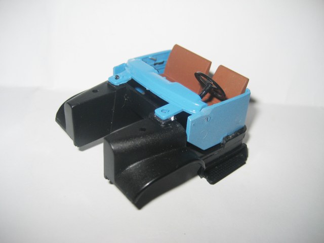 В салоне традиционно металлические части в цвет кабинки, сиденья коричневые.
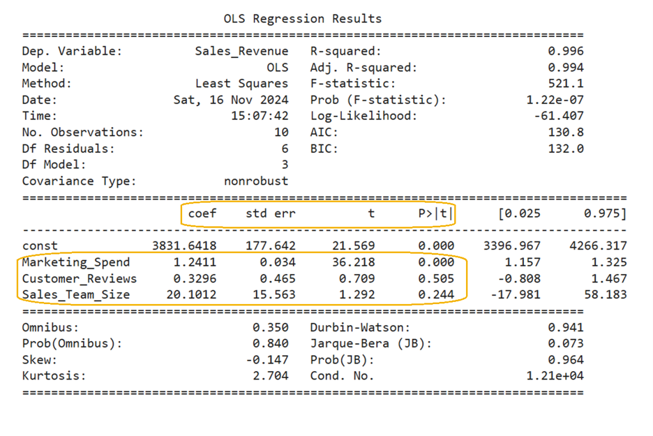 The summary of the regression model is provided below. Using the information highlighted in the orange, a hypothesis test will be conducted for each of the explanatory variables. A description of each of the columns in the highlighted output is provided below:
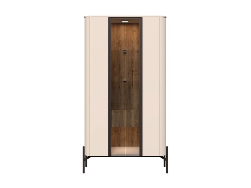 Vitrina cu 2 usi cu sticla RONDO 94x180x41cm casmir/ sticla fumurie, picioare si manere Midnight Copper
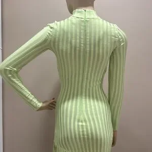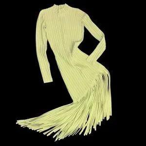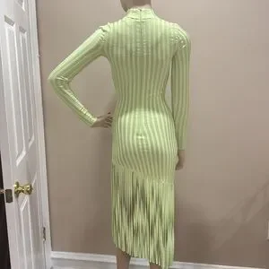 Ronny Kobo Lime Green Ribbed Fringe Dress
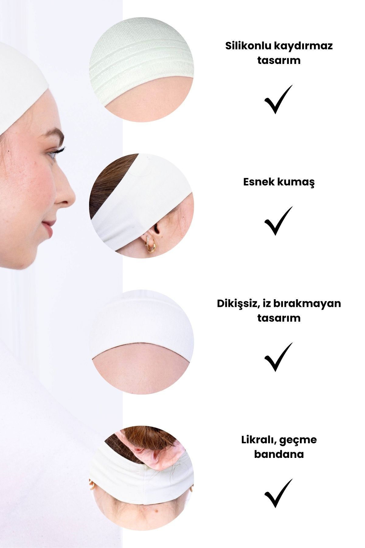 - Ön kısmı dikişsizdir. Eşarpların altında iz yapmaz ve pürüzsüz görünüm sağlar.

——————

Assignment
Please output every entry above exactly, without the pictures.

Expected answer
 В салоне традиционно металлические части в цвет кабинки, сиденья коричневые.
 The summary of the regression model is provided below. Using the information highlighted in the orange, a hypothesis test will be conducted for each of the explanatory variables. A description of each of the columns in the highlighted output is provided below:
 Vitrina cu 2 usi cu sticla RONDO 94x180x41cm casmir/ sticla fumurie, picioare si manere Midnight Copper
 Ronny Kobo Lime Green Ribbed Fringe Dress
 - Ön kısmı dikişsizdir. Eşarpların altında iz yapmaz ve pürüzsüz görünüm sağlar.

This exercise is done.